Roberts had not received funding for the project in a year and had only received support for two of the five years covered by the original award, which began in 2023.

He said a postdoctoral researcher working on the project had to be laid off and the program wound down just as it was preparing to study changes made by the Centers for Medicare and Medicaid Services.

He received the termination notice this week but was not surprised.

“This has been a slow-moving disaster for the research community,” Roberts said.

An HHS spokesperson drew a distinction between terminating grants and not awarding “continuation” funding, saying this move represented the latter.

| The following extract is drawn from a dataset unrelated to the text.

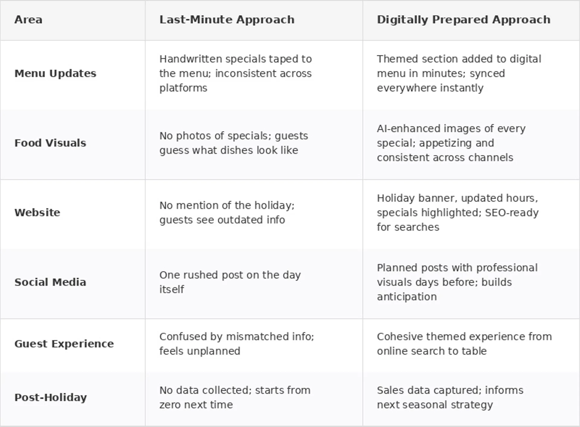 But preparation is everything. A themed menu without proper digital presentation is a missed opportunity. Beautiful specials without an updated website are invisible to the guests searching online. And a festive atmosphere without shareable visuals means your best marketing channel β your own customers β stays silent.
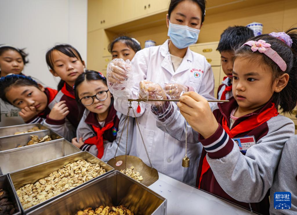 10月22日,在山东省荣成市中医院中医药科普馆,学生学习称量中药材。新华社发(李信君 摄)

“Under statute, the AHRQ Director must determine whether continuation funding is in the best interest of the federal government,” the spokesperson said, adding that certain noncompeting continuation grants and jointly funded grants would not receive continuation awards.

‘Next generation’ at risk

The terminations raise concerns about what will happen to the pipeline for health services researchers in the U.S.

Health services research focuses on how care is delivered, accessed and paid for — studying ways to improve patient safety, outcomes and the efficiency of the health system. It’s viewed as an underfunded field compared to research into new drugs and therapies. Now, researchers say, training programs that support new researchers are at risk.

Dr. Stephen W. Patrick, chair of the Department of Health Policy and Management at Emory University, received the termination letter this week for the department’s training program. It was a five-year grant, which hasn’t received funding since last summer.

The university is supporting current trainees but will not be able to accept new ones.

“These training grants are designed to train the next generation of researchers in this space,” Patrick said.

Another type of AHRQ grant supported infrastructure that train researchers, many of whom are practicing clinicians, to study ways to improve patient care and quickly put those findings into practice. The goal was to close a long-standing gap in health care: While researchers develop new ways to improve care, it can take years for those ideas to reach patients.

Those grants have also been terminated, including funding for the University of Minnesota’s Learning Health System Embedded Scientist Training Program. The program received a $5 million, five-year grant to train health system scientists but has not received funding for the past year. One product of the program was a tool that uses electronic health record data to more quickly identify clinical risk markers for the early detection of bipolar disorder.

“We’re losing a generation of very innovative scientists that really could address all the challenges we know to be replete in the health care delivery system,” said Tim Beebe, a professor of health care management at the University of Minnesota.